3.2.2 Filesystems (EXT4, XFS, Btrfs)

Introduction

Linux can use many different filesystems. In practice, three native Linux filesystems appear most often on modern systems: EXT4, XFS, and Btrfs. Each has a different design philosophy, feature set, and set of trade‑offs. As an administrator, you do not need to become a filesystem developer, but you do need to understand what makes these three special, how they behave, and where each one is typically used.

This chapter focuses specifically on these three filesystems. Device and partition concepts, mounting, and generic disk tools are discussed in other chapters and are not repeated here.

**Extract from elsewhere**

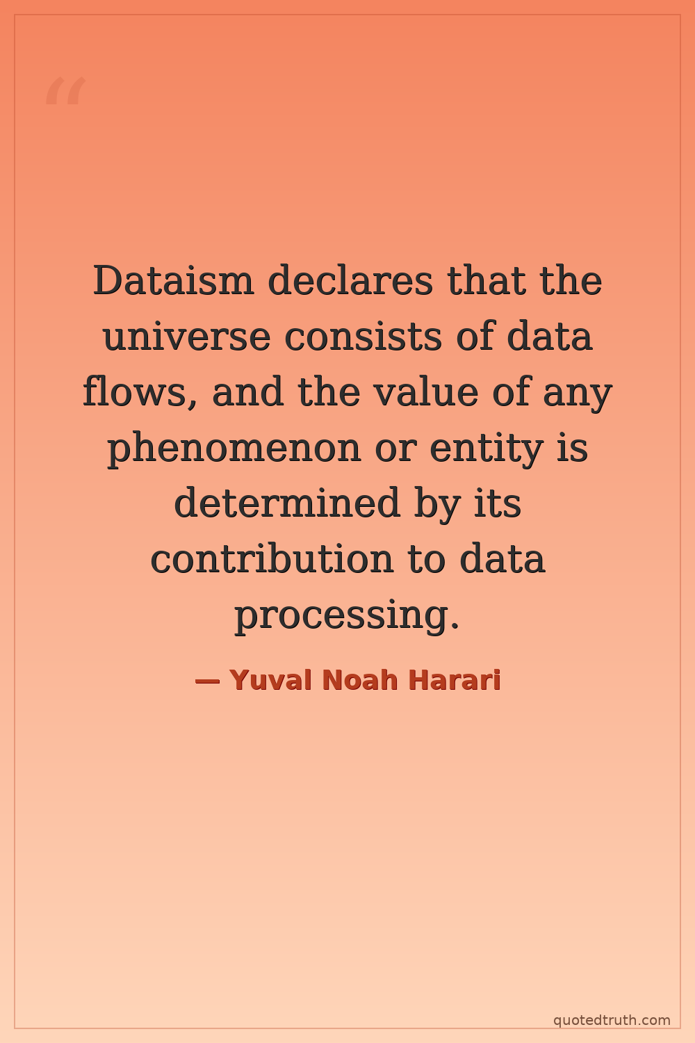 Dataism declares that the universe consists of data flows, and the value of any phenomenon or entity is determined by its contribution to data processing.

Common Concepts Across Filesystems

All three filesystems discussed here serve the same basic purpose: they organize data on a block device so that Linux can store files and directories. They all support standard Unix permissions, ownership, and timestamps. They all work with the usual Linux tools such as mount, fsck, and df.

They also all implement some form of journaling or copy‑on‑write to protect metadata against corruption during crashes. However, how they do it and how far the protection goes is different, and this difference is one of the main reasons to choose one filesystem over another.

The kernel exposes each filesystem through the Virtual Filesystem (VFS) layer, so from the point of view of most tools and applications, a directory tree on EXT4 looks similar to one on XFS or Btrfs. The differences matter when you create or tune filesystems, select mount options, and plan for growth, backup, and recovery.

EXT4: The General Purpose Workhorse

EXT4 is the fourth generation of the extended filesystem family. It is the default choice in many distributions and is considered stable, mature, and predictable. For a long time, EXT4 has been the safe default for almost every use case that does not require specific advanced features.

Design Characteristics

EXT4 is a journaling filesystem. It uses a journal to record metadata updates before they are committed to their final locations. This reduces the risk of corruption after an unexpected power loss and makes recovery faster.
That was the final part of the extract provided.